Date of Scene: 15 December 2024
Location: Penthouse - Kord Co
Synopsis: Conan... the thespian!
Cast of Characters: Ted Kord, Conan, Audra Meridian




Ted Kord has posed:
Ted Kord says to the bots, once again, "Don't bother Conan unless he's asking for something. He thinks this is all magic I believe. He doesn't like magic. Go make us some breakfast. Uhmmm see what Superman gets for reakfast at the Hall of Justice. Get about three times that. Strong coffee and tea. Bingo... any luck finding images of swords... oh wow you been busy. Ok, he'll pick one I guess or let the One Eyed GGuy make him a sword. Go prep the fabricator for metal. Me? I'll have a roll with butter and coffee."

Ted actually had a lot of clothes to offer Conan. Booster Gold left his things behind and he was close size wise. In fact Ted had offered Conan the room Booster occupied because frankly the slim possibility of Booster returning and climbing in bed with the Cimmerian was too funny to pass up.

Conan has posed:
Spending the night in Ted's tower was luxurious! The barbarian hadn't had a more pleasurable stay in quite some time, and was making the most of it. After his overnight guest, one of the personal assistants at Kord's company, sneaks out of Conan's room to get ready for work, the barbarian prepares for his day.
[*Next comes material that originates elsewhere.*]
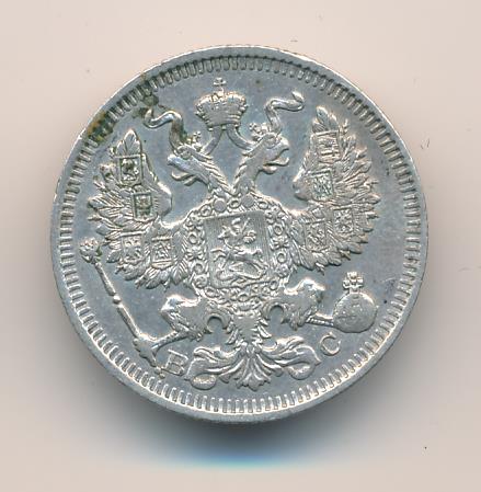 Лицевая сторона — гербовый орел, оборотная —обозначение номинала (20 копеекъ), окруженное венком из лавровой и дубовой ветвей и дата.
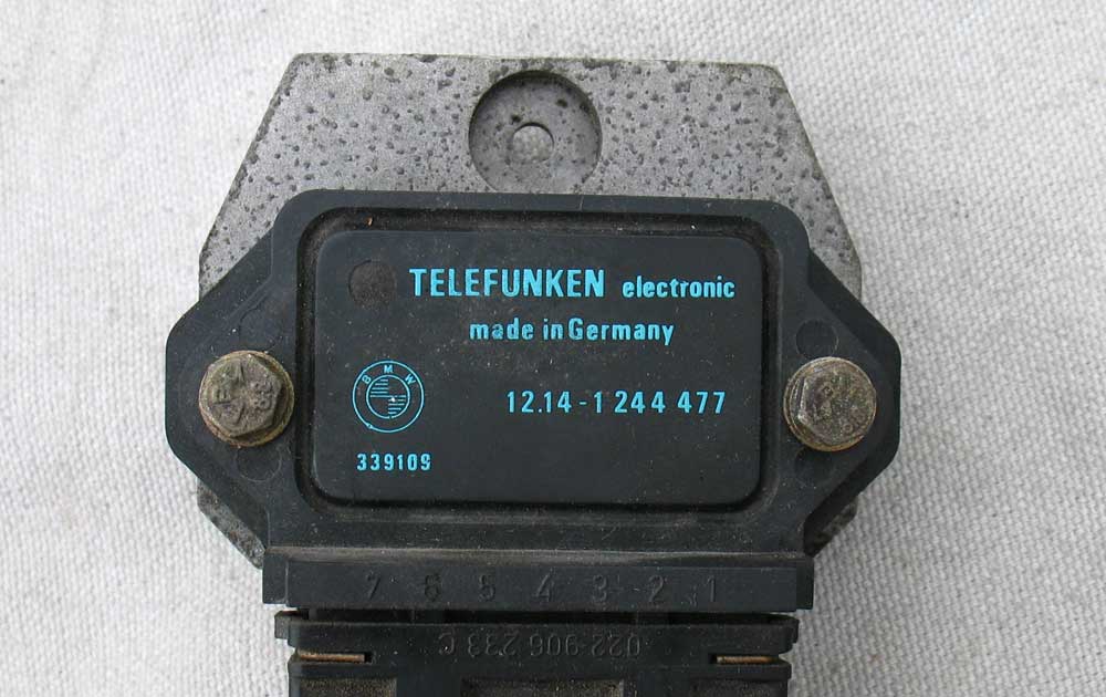 1) Existing models kept the twin 6V coils, but now they were 0.7 Ohms each. 12 13 1 244 143 with the lightning bolt sticker. This lasted through 1984, when they got upgraded to the single-coil system. The ICM had white or pink lettering with part number 12 14 1 244 477 [or just the molded Bosch part number 0 227 100 103 - unverified].

Conan takes his time getting ready, trying to figure out what to wear after enjoying a long, hot shower. When he's done deciding he ends up with a black t-shirt, blue jeans, black boots and his leather sword belt. He almost looks like a regular guy. If it weren't for the belt he could be any world class bodybuilder you'd see on the street. He manages to track down the kitchen by scent and greets Ted with a deep nod, "Hail Beetle, I have found your hospitality to be more than sufficient! Should you need aid in defeating your enemies know that Conan of Cimmeria will aid you."

Ted Kord has posed:
Ted Kord is about to reply when he's distracted by the bots beeping. He turns in time to see not just any PA but HIS pride and joy, Melissa sneaking to the elevator, shoes in hands, hair down.

"Melissa! For fuck's sake!" It's more surprise than anger. The elevator doors open and Melissa scurries in.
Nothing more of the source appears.